When America suffered the terrible loss of the Challenger, shortly after I returned home, I remember my boyfriend in France (whom I’d left behind, waving a white hankie as my plane pulled away from the jetway) sent me a very warm and consoling letter. I remember being so moved by that gesture. He recognized it was a national loss but also, in some way, a personal one for each of us. It was like losing a piece of our identity as a brave, proud, and generous nation willing to invest in global curiosity, risk our treasure and people, and share our discoveries with all humankind. The Challenger crew had our imaginations and aspirations on board with them; some of us still feel that phantom pain.

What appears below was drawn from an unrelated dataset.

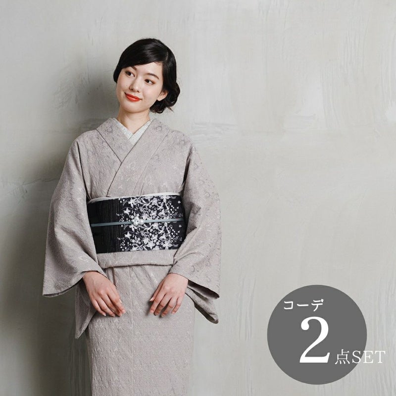 モダンでスタイリッシュなセミフォーマル着物と帯が完成された2点SETで届く!しかも、セミフォーマル~カジュアルまで幅広いシーンで着用OK。

I was again blessed with consolation and sympathy on September 12, 2001. Friends from Germany and Italy left condolences on our answering machine. I was touched that they would do so. They understood the wound our collection consciousness had suffered, a sympathy no doubt born of the personal losses they endured in wars started when they were children.
All this is to say that when the horrible happens, watch for good people to reach out, offer solace. Our world seems torn in many painful directions these days, anger ripping like a Martian wind across every continent. I hope the compassion and largesse that responds to this collective grief moves you. We spend so much of our lives avoiding sadness, but when we allow ourselves to feel it, sometimes we find each other, stripped of the things we think separate us. I could spend some time in that space if it makes us a little more tender, a little more hopeful.